**Task prompt:** Give the lines again exactly as they appear below, from the line with "ふるさと納税で店舗を利用して" to the line with "De alumínio fundido, com", both included, and only those lines. Leave every picture out.

**Task input:**

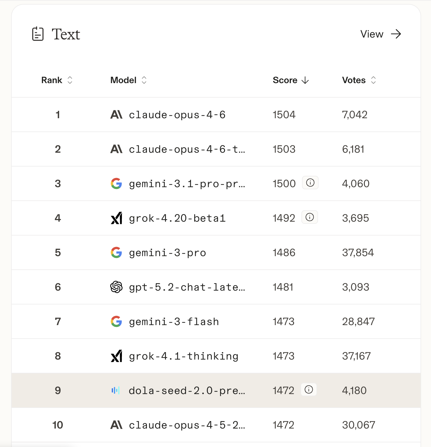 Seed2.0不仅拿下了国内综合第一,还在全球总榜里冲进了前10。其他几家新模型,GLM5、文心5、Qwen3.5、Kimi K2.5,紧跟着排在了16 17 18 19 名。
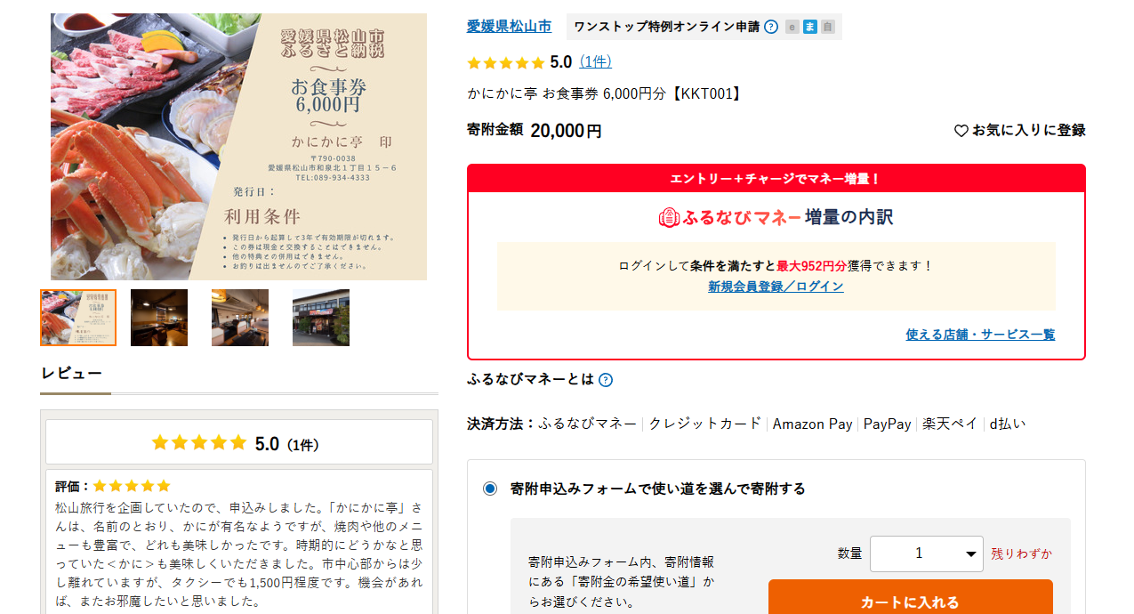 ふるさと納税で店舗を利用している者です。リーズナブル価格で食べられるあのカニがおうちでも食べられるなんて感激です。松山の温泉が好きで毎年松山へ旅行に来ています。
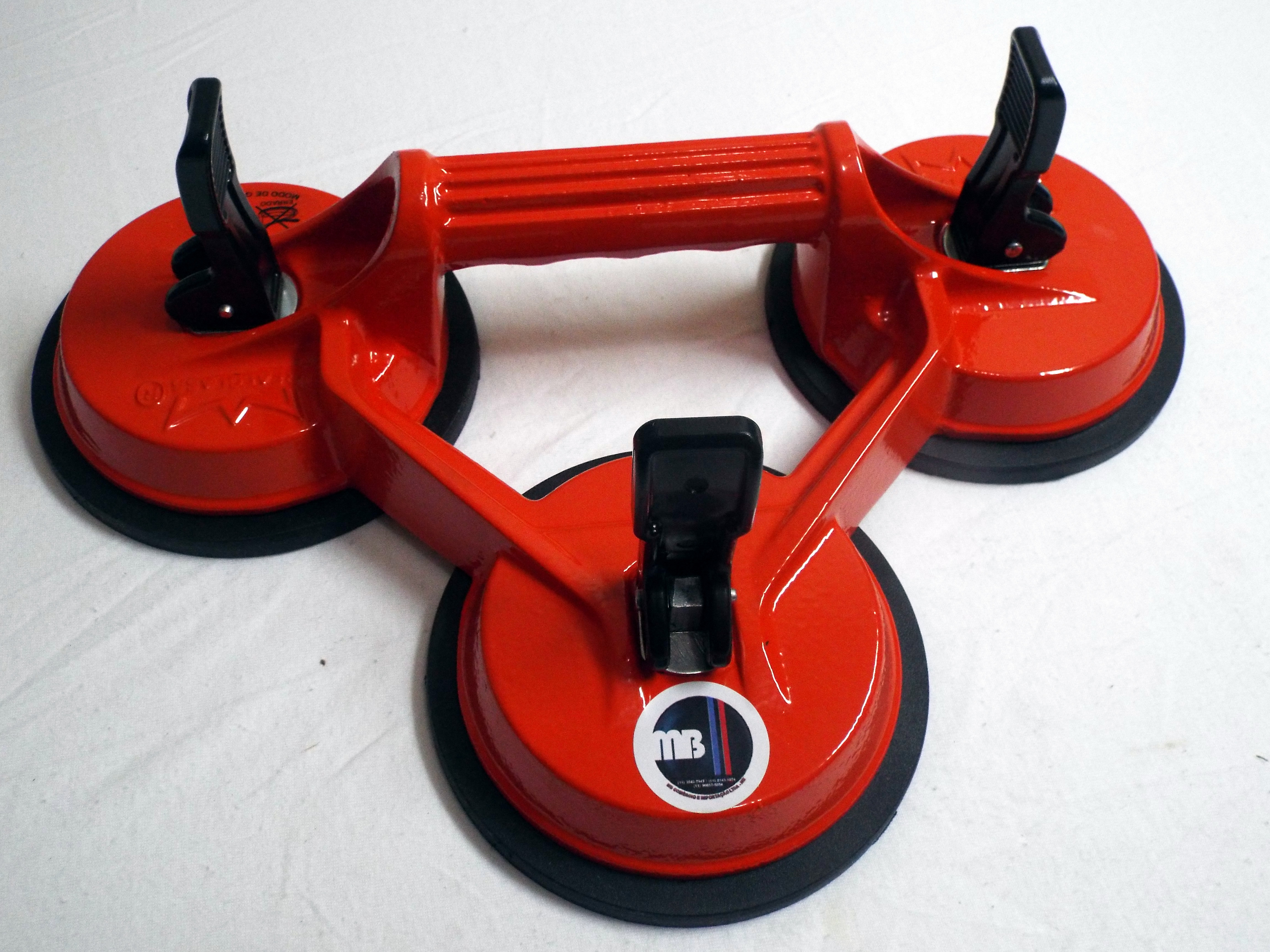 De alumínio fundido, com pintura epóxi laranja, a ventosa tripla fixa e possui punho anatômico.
* * *
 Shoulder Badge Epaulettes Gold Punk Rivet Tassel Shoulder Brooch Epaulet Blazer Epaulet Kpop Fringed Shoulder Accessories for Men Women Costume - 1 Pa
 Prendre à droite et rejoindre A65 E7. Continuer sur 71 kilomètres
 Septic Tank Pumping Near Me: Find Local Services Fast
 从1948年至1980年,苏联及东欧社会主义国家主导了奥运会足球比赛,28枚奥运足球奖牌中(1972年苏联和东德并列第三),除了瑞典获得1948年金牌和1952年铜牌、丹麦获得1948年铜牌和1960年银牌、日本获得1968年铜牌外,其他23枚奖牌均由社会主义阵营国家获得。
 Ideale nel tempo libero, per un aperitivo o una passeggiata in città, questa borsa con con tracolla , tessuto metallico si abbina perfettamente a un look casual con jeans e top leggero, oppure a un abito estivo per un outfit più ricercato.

**Result below:**
 ふるさと納税で店舗を利用している者です。リーズナブル価格で食べられるあのカニがおうちでも食べられるなんて感激です。松山の温泉が好きで毎年松山へ旅行に来ています。
 De alumínio fundido, com pintura epóxi laranja, a ventosa tripla fixa e possui punho anatômico.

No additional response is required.